• **ABOUT THIS EXERCISE**
Copy exactly the lines from the start of the material through the line with "1、在照片编辑器首页点【拼图". Pictures stay out of the copy.

*** Opening of SUPPLIED DATA ***

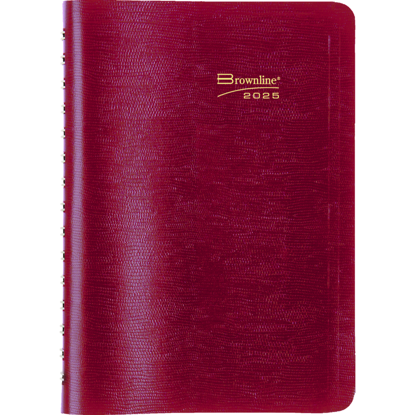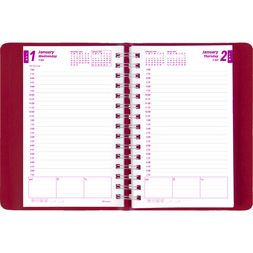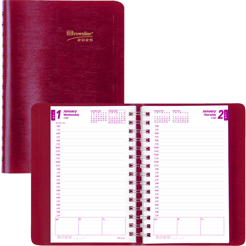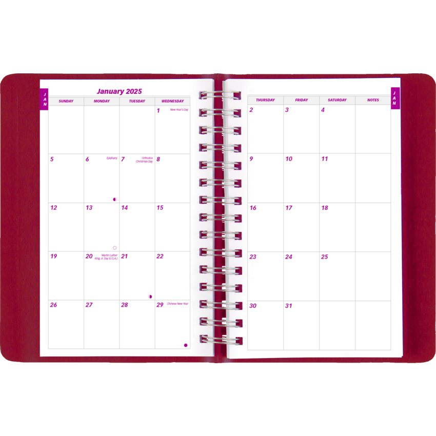 Contains a minimum of 50% post-consumer recycled material. FSC® Certified. Twin wire bound. Soft, lizard-like cover. 1 page per day. 7:00 a.m. to 7:30 p.m. in 1/2 hour intervals. Monthly planner before each month. 3 blocks for reminder notes and calls. Red.
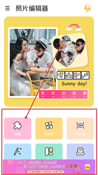 1、在照片编辑器首页点【拼图】选项,能进入拼图编辑界面,后续可把多张图片拼成创意版式啦。
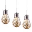 Znakiem rozpoznawczym wiszącej lampy sufitowej Bulb 136 są 3 oryginalnie stylizowane oprawy. W każdej z nich zamontowano wymienny moduł LED o łącznej mocy 15 W, które odpowiadają 93 W tradycyjnej żarówki. Co istotne, wykorzystanie modułu LED pozwala zmniejszyć koszty zużycia energii, nie wpływając na jakość źródła światła. Ponadto, wysokość każdej z opraw można dowolnie regulować do 100 cm. To praktycznie i łatwe w obsłudze rozwiązanie umożliwia tworzenie indywidualnych aranżacji oraz dopasowanie lampy do dowolnej wysokości pomieszczenia. Prezentowana lampa ma charakterystyczną, unikalną stylistykę. Oryginalne 3 klosze z dymionego szkła mają formę dekoracyjnej żarówki. Niesamowitego efektu całości dodają zamieszczone w kloszu metalowe pręciki, które nabierają jeszcze większego uroku po włączeniu światła. Lampa będzie idealnym dopełnieniem wnętrz nowoczesnych, minimalistycznych oraz vintage.

*** Close of SUPPLIED DATA ***

• **ANSWER AREA**
 Contains a minimum of 50% post-consumer recycled material. FSC® Certified. Twin wire bound. Soft, lizard-like cover. 1 page per day. 7:00 a.m. to 7:30 p.m. in 1/2 hour intervals. Monthly planner before each month. 3 blocks for reminder notes and calls. Red.
 1、在照片编辑器首页点【拼图】选项,能进入拼图编辑界面,后续可把多张图片拼成创意版式啦。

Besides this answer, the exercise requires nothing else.